* _WHAT TO DO_
Would you transcribe the records below from the line with "Annoncez votre fête" to the line with "COMFYCOVE™ 3 Pieces", ends included, exactly and with nothing more, leaving the pictures out?

Records from a data collection
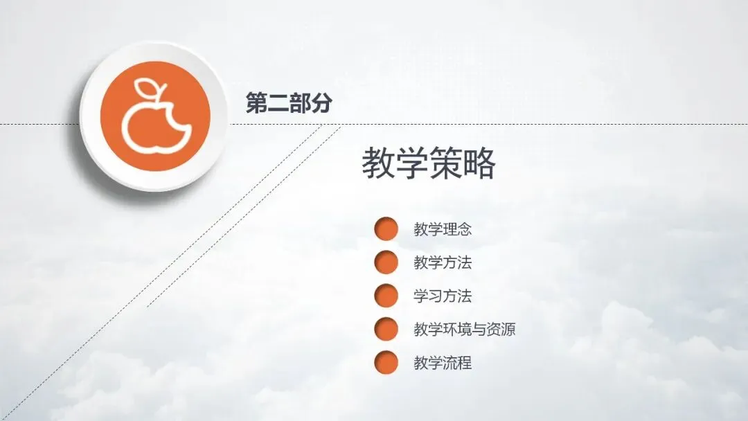 PPT 10:第二部分:教学策略,主要说教学理念、教学方法、学习方法、教学环境与资源、教学流程。
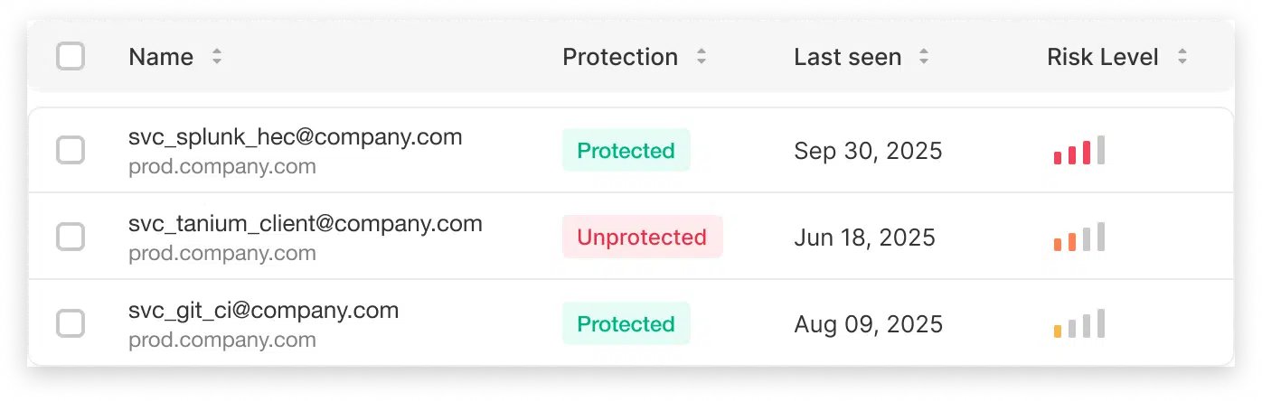 Full NHI control without breaking a thing. Silverfort automatically discovers and secures every service account and NHIβeven unmanaged, unknown, or unvaulted onesβwithout disrupting critical processes or breaking automation.
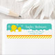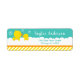 This cute and fun address label features an adorable yellow duck and duckling in white soapy bath bubbles on a bright green background with an orange ribbon and yellow stripes. The text combines handwritten script and sans serif fonts for a stylish and modern look. This is perfect for a Baby Shower.
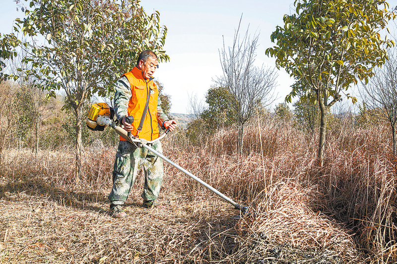 桃園森林資源管護站生態(tài)護林員使用割草機進行除草。當前正值森林防火關鍵期,林場各管護站對轄區(qū)雜草全面清理,并在進山口和人口密集區(qū)設立森林防火巡查崗。
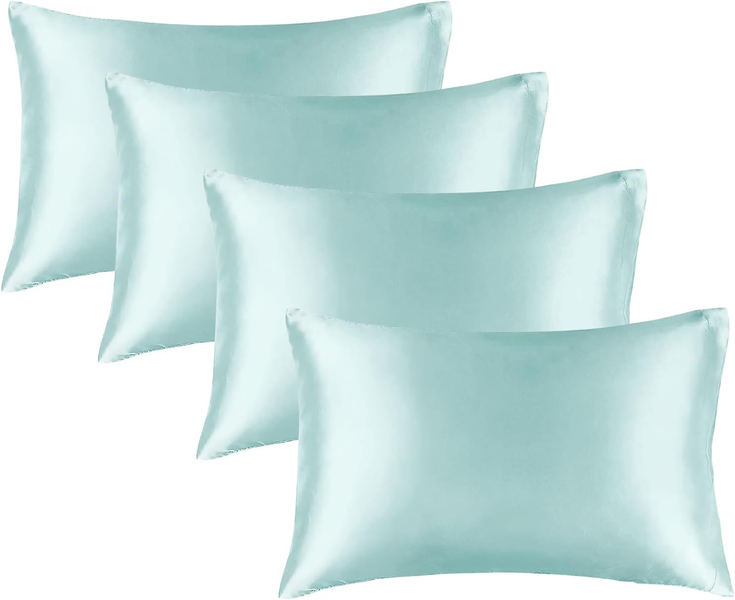 BEDELITE Satin Pillowcase for Hair and Skin, Super Soft Similar to Silk Pillow Cases 4 Pack with Envelope Closure, Cooling Pillowcases for Women Men (20"x30" Queen Size, Blue Grey)
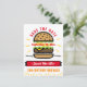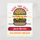 Annoncez votre fête d'anniversaire BBQ à votre famille et à vos amis avec cette carte postale faire-part personnalisée adaptée à tous les âges, avec une illustration moderne d'un hamburger avec flammes en rouge, orange, jaune, marron et noir sur un arrière - plan blanc avec typographie colorée en caractères gras. Personnalisez-le avec tous les détails dont vous avez besoin pour invitation vos invités, y compris le nom, l'âge, le jour, la date et l'occasion sur la couverture et des informations supplémentaires avec les adresses et les détails RSVP au dos. Conçu par © Tim Coffey.
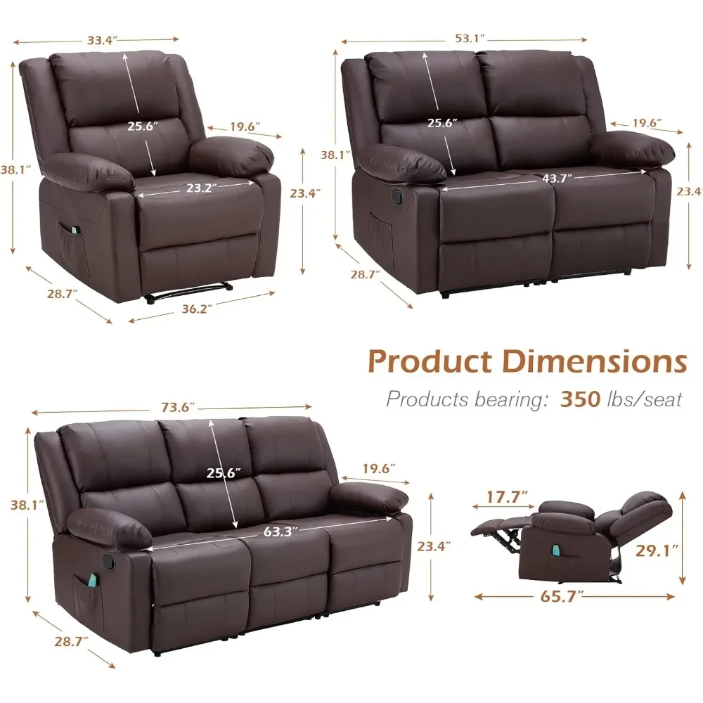 COMFYCOVE™ 3 Pieces Recliner Sofa Set, Overstuffed Recliner Sofa with Massage AND Heat Function, Modern Manual Control Faux Leather Couch Set
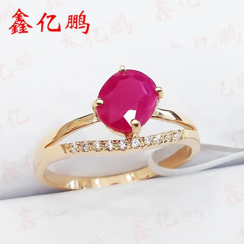 Xin yi peng 18 k yellow gold inlaid natural ruby ring, the woman ring, contracted and easy

* _RESPONSE BOX_
 Annoncez votre fête d'anniversaire BBQ à votre famille et à vos amis avec cette carte postale faire-part personnalisée adaptée à tous les âges, avec une illustration moderne d'un hamburger avec flammes en rouge, orange, jaune, marron et noir sur un arrière - plan blanc avec typographie colorée en caractères gras. Personnalisez-le avec tous les détails dont vous avez besoin pour invitation vos invités, y compris le nom, l'âge, le jour, la date et l'occasion sur la couverture et des informations supplémentaires avec les adresses et les détails RSVP au dos. Conçu par © Tim Coffey.
 COMFYCOVE™ 3 Pieces Recliner Sofa Set, Overstuffed Recliner Sofa with Massage AND Heat Function, Modern Manual Control Faux Leather Couch Set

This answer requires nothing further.